Wenn alles dem Zweck der Vermarktung untergeordnet wird, stellt sich irgendwann die Frage, wie lange und in welcher Form eine solche Vorgehensweise der Verbände gesellschaftlich geduldet wird und was das wiederum mit der Fanbasis macht. Mit den Menschen, die Fußballspiele und große Turniere erst zu unvergesslichen Erlebnissen werden lassen.
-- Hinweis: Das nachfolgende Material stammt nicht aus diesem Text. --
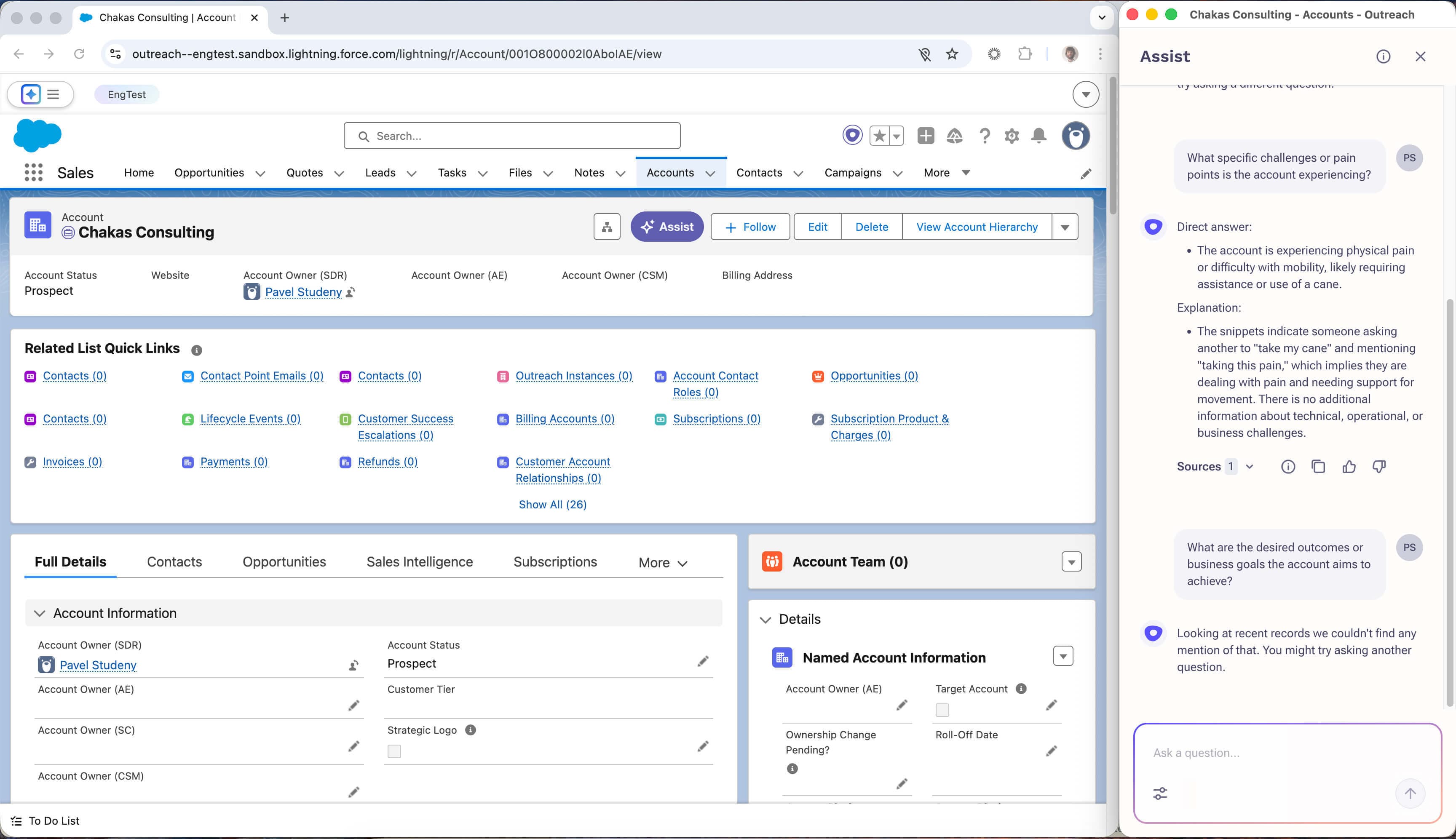 - Access Account Assist directly in your CRM, Outreach extensions, and the prospect side panel, so insights show up wherever your team works

Nicht umsonst erinnern wir uns in Deutschland so gerne an das Sommermärchen 2006, das völlig zu Recht unter dem Motto »Die Welt zu Gast bei Freunden« stand.

Nicht nur die FIFA, die Dachverbände die solche Vergaben stützen, und die entsprechenden Entscheider aus der Politik, sondern auch Stakeholder, wie insbesondere Medienpartner und Sponsoren sollten sich kritisch hinterfragen – und sie sollten vor allem auch kritisch hinterfragt werden – wenn sie diese Entwicklung mittragen und sogar fordern.

Diese WM-Vergabe ist eine weitere Sinnlosigkeit, die gegen die Wertebasis und den bedachten Umgang mit Ressourcen verstößt.

Aus meiner Sicht ist diese WM-Vergabe eine weitere Sinnlosigkeit, die gegen die Wertebasis von Demut, Idealen, Verlässlichkeit, Nachhaltigkeit und natürlich auch gegen den bedachten Umgang mit Ressourcen verstößt, der in unserer Zeit wichtiger denn je ist!

Daher sind auch wir vom Internationalen Fußball Institut als auch hochschulseitig dazu aufgefordert, permanent kritisch zu reflektieren und die Menschen in unserem Umfeld – Multiplikatoren ebenso wie Studierende – werteorientiert bei ihrer Kompetenzentwicklung zu unterstützen und damit unseren Beitrag zu einer verantwortungsvollen Gesellschaft zu leisten.